On July 16th, 1936, upon a petition for increased disability to which respondent filed its answer admitting such increase and its liability by reason thereof, it was stipulated at a hearing before me that the petitioner’s incapacity had progressed to the extent of one hundred per cent, of permanent and total disability, and that he was entitled to an additional allowance of compensation in the amount of twenty-five weeks at the rate of $17, or the difference between four hundred weeks, the period of compensation allowed under the act for disability equivalent to one hundred per cent, of permanent total, and three hundred and seventy-five weeks received pursuant to the previous award. An award was accordingly entered on the above basis and consented to by counsel.
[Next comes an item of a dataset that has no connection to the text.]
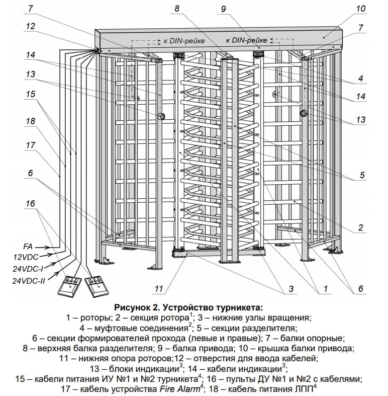 * Электроприводы исполнительных устройств турникета гальванически развязаны и должны иметь индивидуальные источники питания.
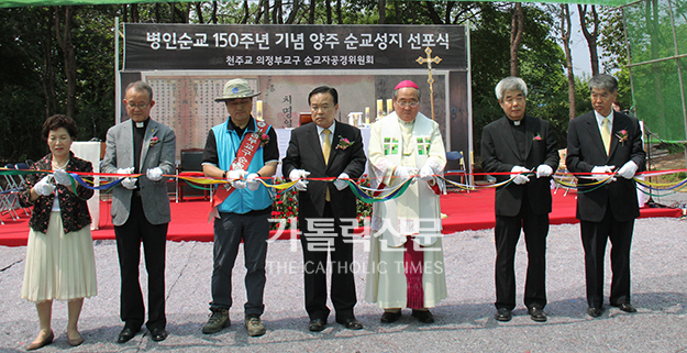 이날 선포식에는 교구장 주교와 총대리 한만옥 신부를 비롯한 교구 사제단, 이성호 양주시장 등 내빈과 신자 500여명이 참석했다. 행사는 순교성지 테이프 절단에 이어 성지 축복기도, 순교성지 선포, 미사 등의 순서로 진행됐다.

It was stipulated by counsel that the question of rehabilitation of petitioner would be referred for investigation. Compensation in accordance with the award was paid by the respondent; the final payment being made on November 16th, 1936.

Subsequent thereto petitioner submitted himself to the state rehabilitation commission pursuant to the requirements of paragraph 11(b) (Cum. Supp. Comp. Stat. 1911-1924, p. 3872, § **236-11 (b); chapter 95, Pamph. L. 1911, as amended by chapter 49, Pamph. L. 1923, p. 101), which commission, under date of January 27th, 1937, filed the following certification:

“After physical examination of Fred Gorman and examination of the record, it is the judgment of and the State Eehabilitation Commission hereby certifies that Fred Gorman is totally and permanently vocationally industrially incapacitated.”

There appears to be no dispute in this case but that the petitioner is entitled to have his compensation for disability total in character and permanent in quality continued after November 16th, 1936, the date on which the four hundred-week period terminated. The sole question in issue is as to whom are the extended payments of compensation chargeable.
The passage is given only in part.